W Polsce od wielu lat oprocentowanie lokat znajduje się na bardzo niskim poziomie. W połączeniu z wysoką inflacją sprawia to, że oszczędności na lokatach bankowych przynoszą... straty. Z tego powodu coraz więcej osób decyduje się na trzymanie pieniędzy w zagranicznych walutach.
Według danych Komisji Europejskiej inflacja w Polsce wyniesie w tym roku 3,6 proc, co oznacza, że będzie najwyższa w Europie. Przed obniżkami stóp procentowych oprocentowanie wynosiło zaledwie 1,25 proc. Osoba, która na początku roku ulokowała pieniądze na koncie oszczędnościowym, otrzyma od banku większą kwotę. W rzeczywistości jednak po uwzględnieniu inflacji i podatku ich oprocentowanie wynosi -2,5 proc.

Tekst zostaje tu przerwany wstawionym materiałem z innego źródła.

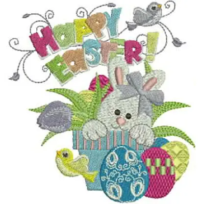 This digital machine embroidery design features a cheerful bunny peeking out from a pastel basket surrounded by colorful eggs and Easter-themed decorations, with the words "Happy Easter!" prominently displayed. Available for 5X5 hoops.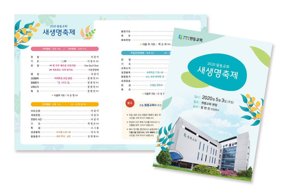 보통 교정을 컴퓨터 모니터나, 칼라 프린터로 출력해서 보시는 경우 모니터(빛의 색 RGB)와 인쇄물(잉크색 CMYK)에는 약간의 차이가 있습니다. 각 교회에서 사용되는 칼라 프린트도 옵셋 인쇄와는 인쇄 방식이 조금 달라 색상의 차이가 있습니다. 특히 종이의 재질(모조지, 아트지, 고급용지)에 의한 색의 차이도 발생할 수 있습니다.
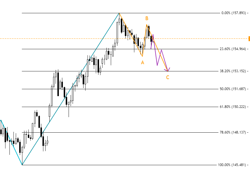 下のチャートは日足ですが、4時間下降3波は日足の調整波にあたりそうです。38.2%や50%から反発する可能性があります。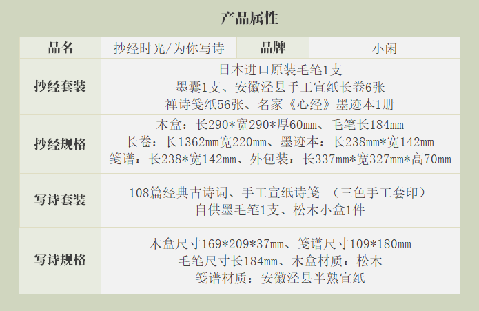 套装内包含:安徽泾县手工宣纸长卷6张、禅诗笺纸56张、名家《心经》墨迹本1个、日本进口原装毛笔、墨囊各1支。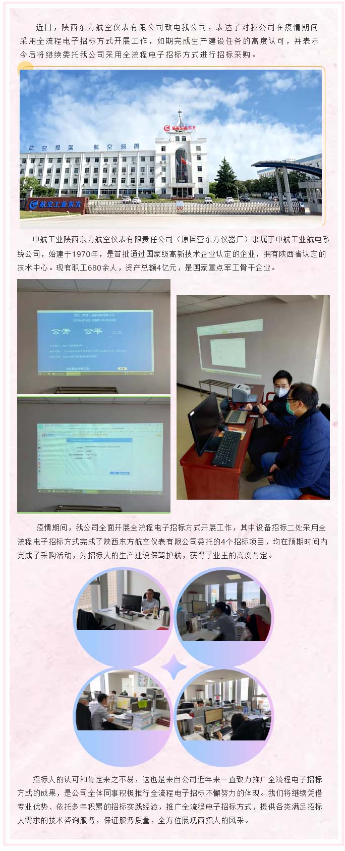 陜西東方航空儀表有限公司致電我公司,將繼續(xù)采用全流程電子招投標(biāo)方式進(jìn)行招標(biāo)采購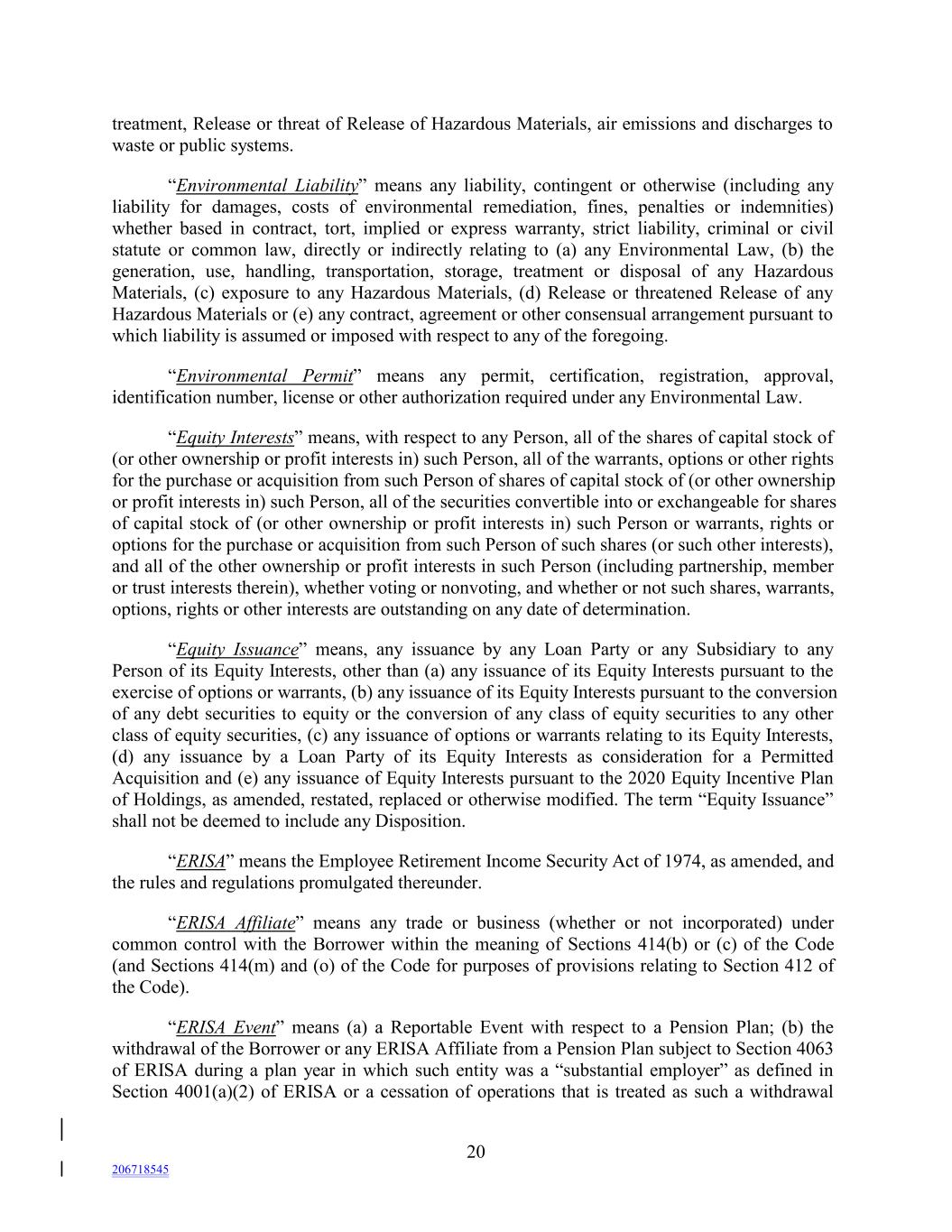treatment, Release or threat of Release of Hazardous Materials, air emissions and discharges to waste or public systems. “Environmental Liability” means any liability, contingent or otherwise (including any liability for damages, costs of environmental remediation, fines, penalties or indemnities) whether based in contract, tort, implied or express warranty, strict liability, criminal or civil statute or common law, directly or indirectly relating to (a) any Environmental Law, (b) the generation, use, handling, transportation, storage, treatment or disposal of any Hazardous Materials, (c) exposure to any Hazardous Materials, (d) Release or threatened Release of any Hazardous Materials or (e) any contract, agreement or other consensual arrangement pursuant to which liability is assumed or imposed with respect to any of the foregoing. “Environmental Permit” means any permit, certification, registration, approval, identification number, license or other authorization required under any Environmental Law. “Equity Interests” means, with respect to any Person, all of the shares of capital stock of (or other ownership or profit interests in) such Person, all of the warrants, options or other rights for the purchase or acquisition from such Person of shares of capital stock of (or other ownership or profit interests in) such Person, all of the securities convertible into or exchangeable for shares of capital stock of (or other ownership or profit interests in) such Person or warrants, rights or options for the purchase or acquisition from such Person of such shares (or such other interests), and all of the other ownership or profit interests in such Person (including partnership, member or trust interests therein), whether voting or nonvoting, and whether or not such shares, warrants, options, rights or other interests are outstanding on any date of determination. “Equity Issuance” means, any issuance by any Loan Party or any Subsidiary to any Person of its Equity Interests, other than (a) any issuance of its Equity Interests pursuant to the exercise of options or warrants, (b) any issuance of its Equity Interests pursuant to the conversion of any debt securities to equity or the conversion of any class of equity securities to any other class of equity securities, (c) any issuance of options or warrants relating to its Equity Interests, (d) any issuance by a Loan Party of its Equity Interests as consideration for a Permitted Acquisition and (e) any issuance of Equity Interests pursuant to the 2020 Equity Incentive Plan of Holdings, as amended, restated, replaced or otherwise modified. The term “Equity Issuance” shall not be deemed to include any Disposition. “ERISA” means the Employee Retirement Income Security Act of 1974, as amended, and the rules and regulations promulgated thereunder. “ERISA Affiliate” means any trade or business (whether or not incorporated) under common control with the Borrower within the meaning of Sections 414(b) or (c) of the Code (and Sections 414(m) and (o) of the Code for purposes of provisions relating to Section 412 of the Code). “ERISA Event” means (a) a Reportable Event with respect to a Pension Plan; (b) the withdrawal of the Borrower or any ERISA Affiliate from a Pension Plan subject to Section 4063 of ERISA during a plan year in which such entity was a “substantial employer” as defined in Section 4001(a)(2) of ERISA or a cessation of operations that is treated as such a withdrawal 20 206718545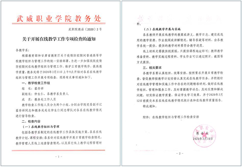 各院系及相關(guān)部門要按照教育部和省教育廳關(guān)于疫情防控期間在線教學(xué)工作的文件精神和《武威職業(yè)學(xué)院新型冠狀病毒肺炎疫情防控期間在線教學(xué)工作實施方案》的相關(guān)要求進行全面自查,做到文件精神及要求全部落實到位、不打折扣;對執(zhí)行情況進行認(rèn)真總結(jié),通過自查深入挖掘現(xiàn)階段在線教學(xué)實施和組織管理過程中的重點問題,利用各系教研活動和教研團隊推動開展教學(xué)研究和人才培養(yǎng)模式改革研究,全面落實問題導(dǎo)向,推動在線教學(xué)工作落實落細落地。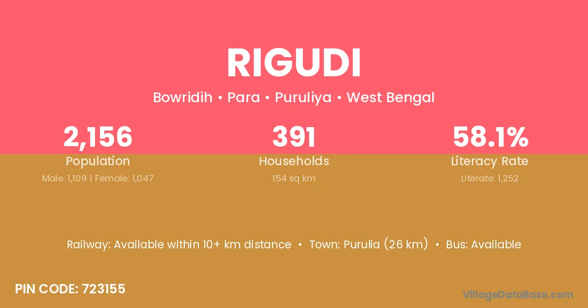 Purulia (26 km) is the nearest town to Rigudi village for major economic activities and is located approximately 26 km away.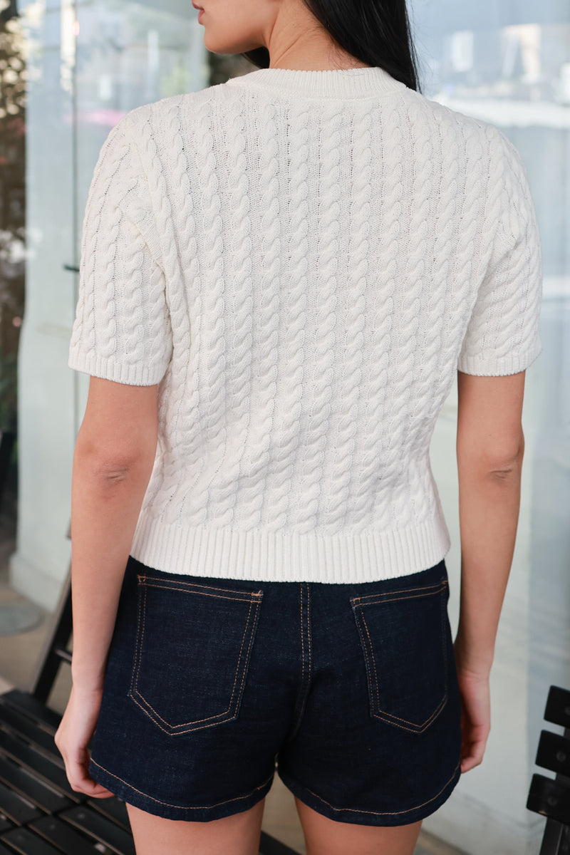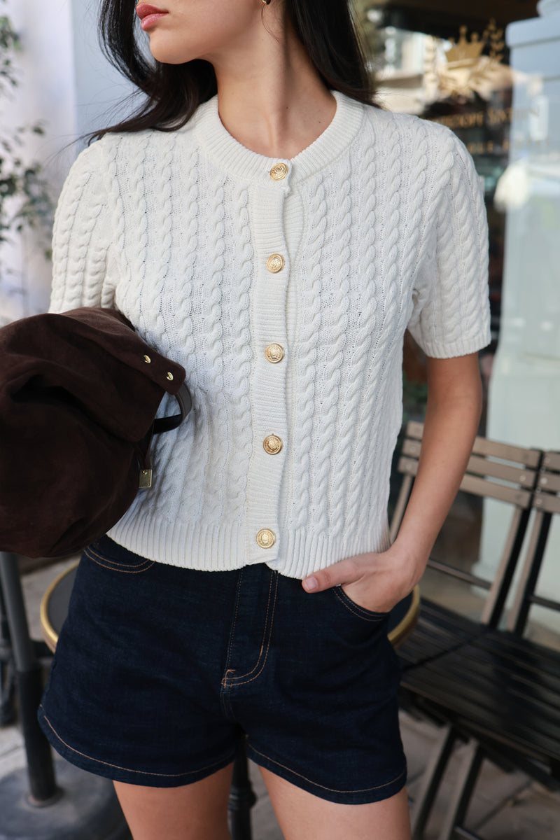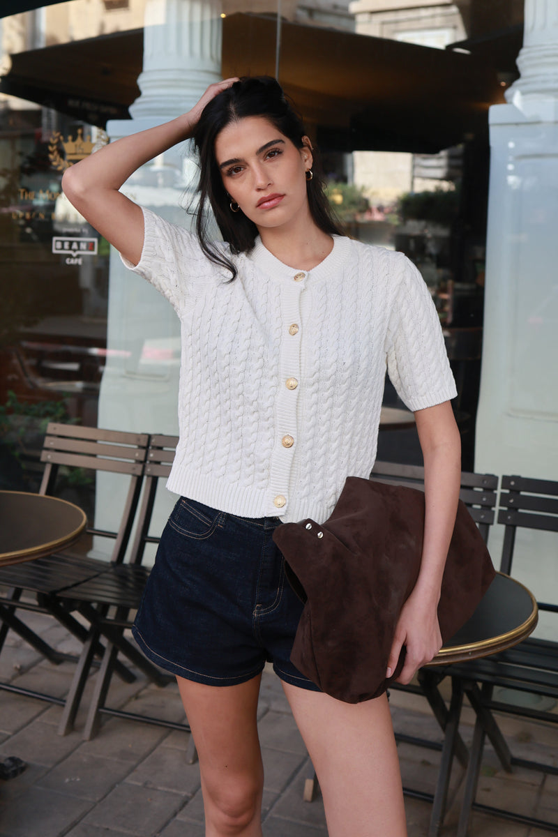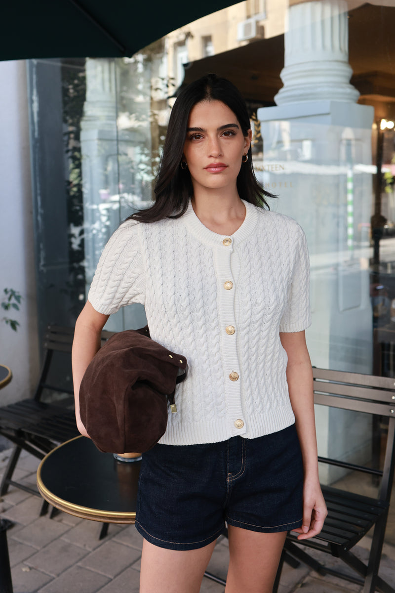 עשוי סריג דק ונעים בגוון אוף וויט, עם טקסטורה עדינה לאורך הבד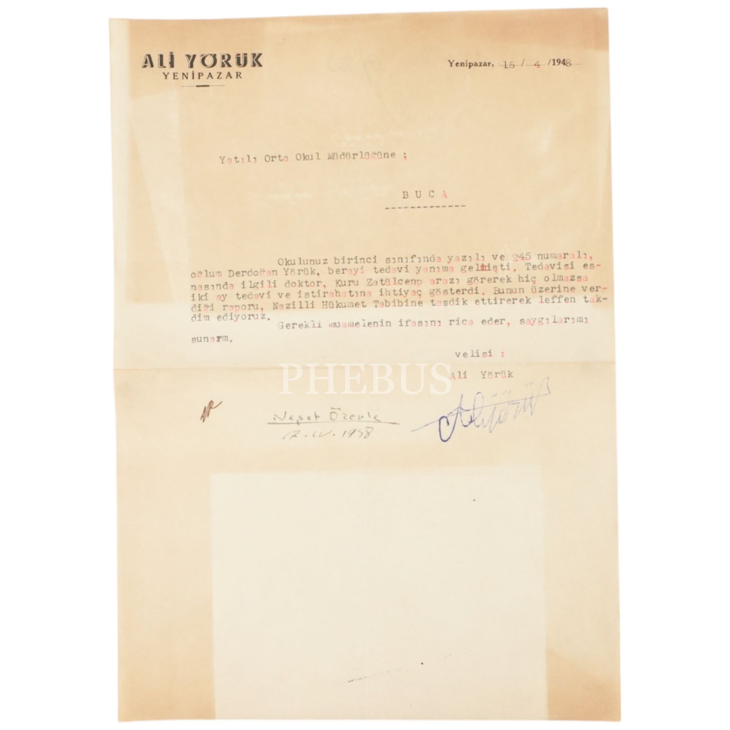 "Ali Yörük - Yenipazar" antetli mektup, 1948, 20x28 cm...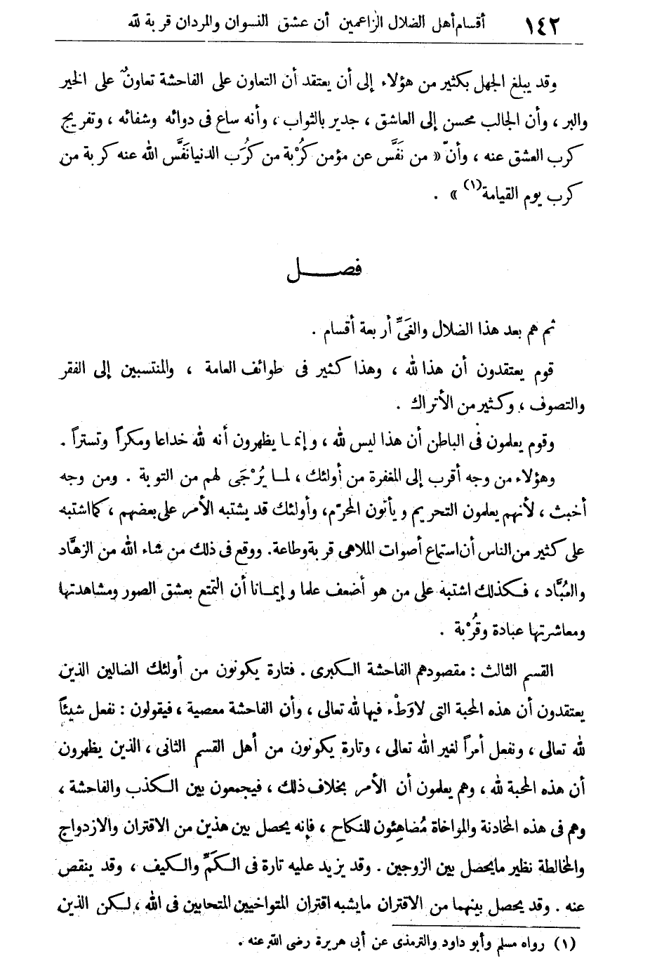 القسم الثالث: مقصودهم الفاحشة الكبرى. فتارة يكونون من أولئك الضالين الذين يعتقدون أن هذه المحبة التى لا وطء فيها لله تعالى، وأن الفاحشة معصية، فيقولون نفعل شيئا لله تعالى، ونفعل أمرا لغير الله تعالى، وتارة يكونون من أهل القسم الثانى الذين يظهرون أن هذه المحبة لله، وهم يعلمون أن الأمر بخلاف ذلك، فيجمعون بين الكذب والفاحشة، وهم فى هذه المخادنة والمواخاة مضاهئون للنكاح، فإنه يحصل بين هذين من الاقتران والازدواج والمخالطة نظير ما يحصل بين الزوجين. وقد يزيد عليه تارة فى الكم والكيف، وقد ينقص عنه. وقد يحصل بينهما من الاقتران ما يشبه اقتران المتواخيين المتحابين فى الله، لكن الذين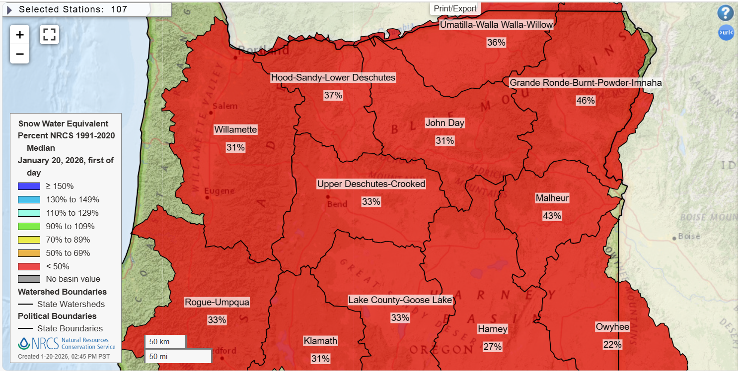 In more modern times, the winter of 1976/1977 stands as the driest on record for many western Oregon locations. Less than an inch of rain fell for the entire month of January that winter, and Salem recorded 68 completely dry days between November through January. Imagine being a ski resort operator that winter or a farmer relying on ground water or seasonal streams to water crops.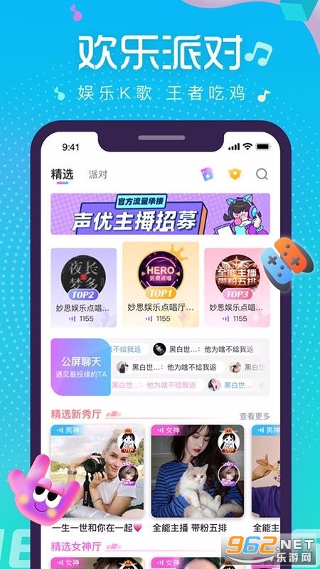 2、【娱乐派对】点唱K歌、线上相亲、连麦哄睡、温馨电台......不同的声音汇聚一起,玩出无穷乐趣!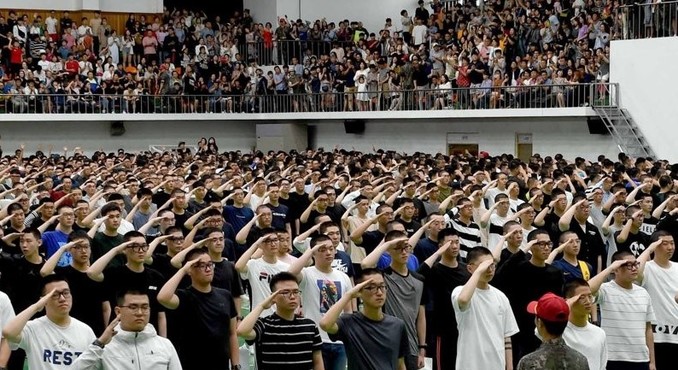 ▲ 지난 7월 경남 창원시 진해구 해군교육사령부에서 열린 해군병 650기·의경 390기 입영식에서 입영장병이 경례하고 있는 모습 [해군 제공]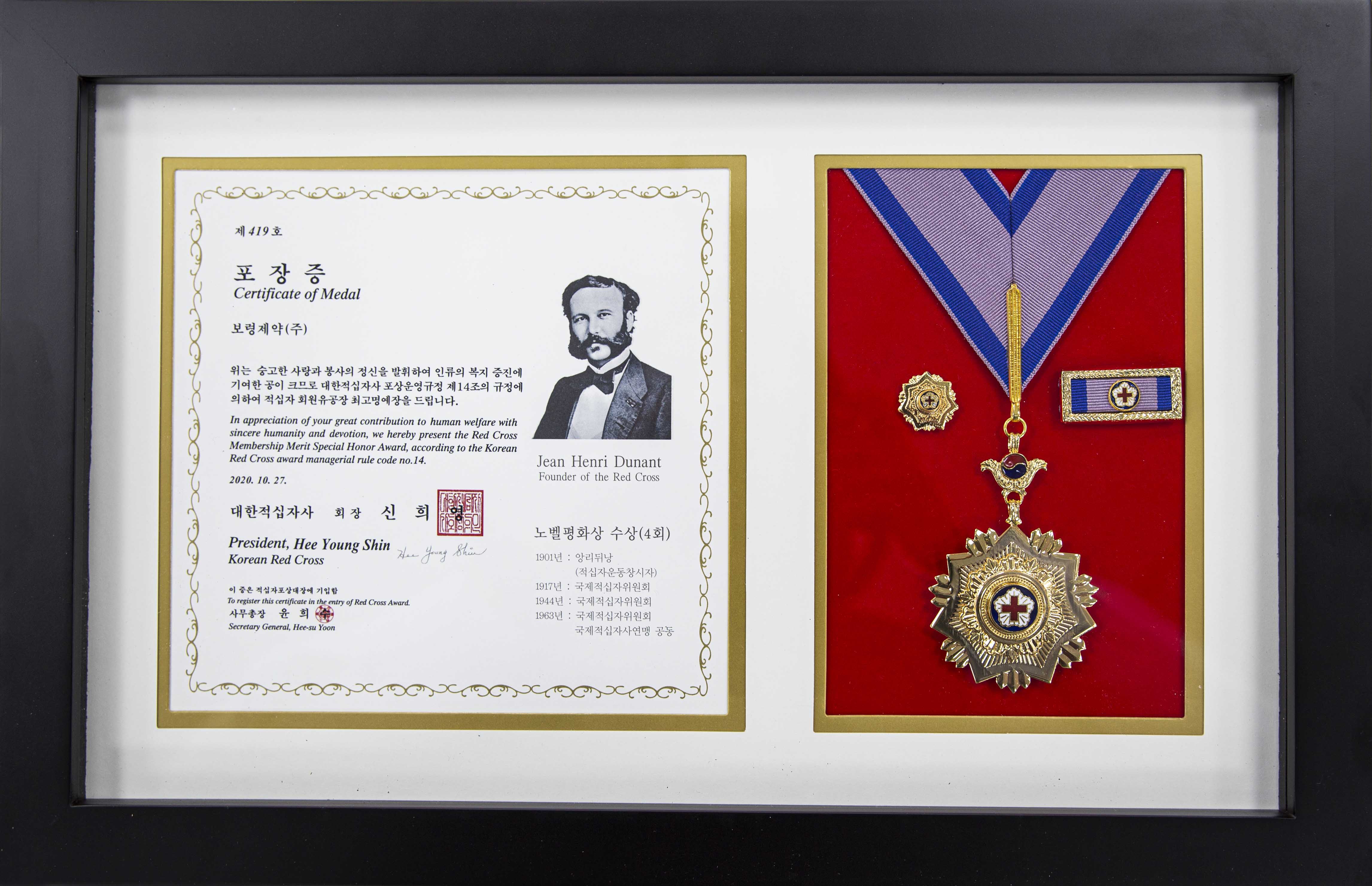 보령제약은 대한적십자사(회장 신희영)로부터 ‘적십자회원 유공장 최고명예장’을 수여받았다.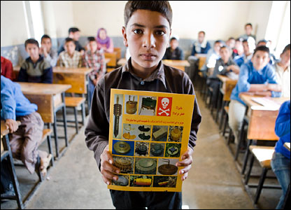 اداره هلال احمر افغانستان به دانش آموزان افغان در مکاتب (مدارس)، خطرات ناشی از مين های ضد نفر را آموزش می دهد.

Choć oprocentowanie lokat euro w polskich bankach było niższe (0,13 proc.), to z racji, że inflacja w strefie euro wyniesie w tym roku zaledwie 0,3 proc. rzeczywiste oprocentowanie oscyluje na poziomie -0,19 proc. "Różnica w porównaniu do lokat w złotych jest więc ogromna. Rzeczywiste oprocentowanie depozytów w euro jest aż 12-krotnie wyższe" - czytamy w raporcie Expandera.
Tak duża różnica sprawiała, że coraz więcej osób decyduje się na oszczędzanie w obcych walutach. Jarosław Sadowski, analityk z Expandera, przytacza wrześniowe dane NBP, według których łączna suma walutowych oszczędności zgromadzonych przez gospodarstwa domowe w bankach wyniosła (po przeliczeniu na złote) prawie 95 mld zł. To najwyższa wartość w historii. Dodatkowo udział w zagranicznych walut w całości oszczędności wynosi 10 proc. i jest najwyższy od lutego 2008 roku.
Eksperci zwracają również uwagę, że od września 2019 roku do września 2020 roku kwota ulokowana na lokatach w złotych spadła aż o 68 mld zł, czyli o 27 proc. Rekordowe wskaźniki w tym aspekcie również wskazują na trend odwrotu od oszczędzania w krajowej walucie.